The reality is climate change is already underway; in Alberta, we have witnessed increasingly warmer temperatures, a trend that is predicted to continue and even intensify. It is expected climate change will produce more heat waves, floods and droughts as well as earlier snowmelt and the disappearance of glaciers.

ResilienceBlog HydrologicalCycle

Figure 1: The hydrologic cycle. Temperature driven transpiration, evaporation and melting will increase with higher ambient temperatures, influencing the entire cycle. Source: Environment and Climate Change Canada

It is no coincidence all of these impacts are connected to water, as climate change has pronounced effects on global, regional, and local water systems.
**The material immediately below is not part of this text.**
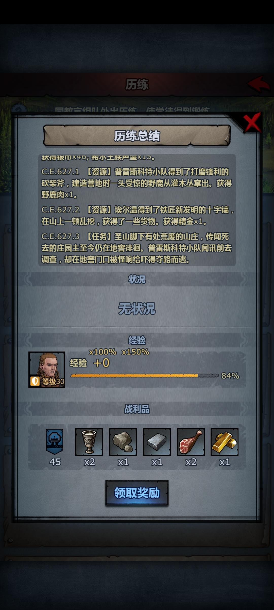 历练真的很赚,我现在刚到布克城两年,历练到精钢有十个了,花岗岩七八个的样子。后边资源不缺了历练就转牛头。

These systems directly influence our way of life because they control water flow, availability, and quality.

Water is critical to our lives. We drink it, use it to grow our food, play in it and so much more. We are also impacted by water’s natural cycle (Figure 1) for instance the timing of precipitation and impacts on crops. Higher temperatures are predicted to impact the hydrologic cycle in many other ways, including:

  • Water quality,
  • Climate variability,
  • Extreme weather condition frequency and/or severity, and
  • Earlier snowpack melt.

All these impacts increase risks relating to water quality, quantity, and reliability; a direct result of the interconnectedness of the hydrological cycle. As we become more familiar with the possible impacts of changes to the hydrologic cycle, the question becomes: are we ready for them as best we can be?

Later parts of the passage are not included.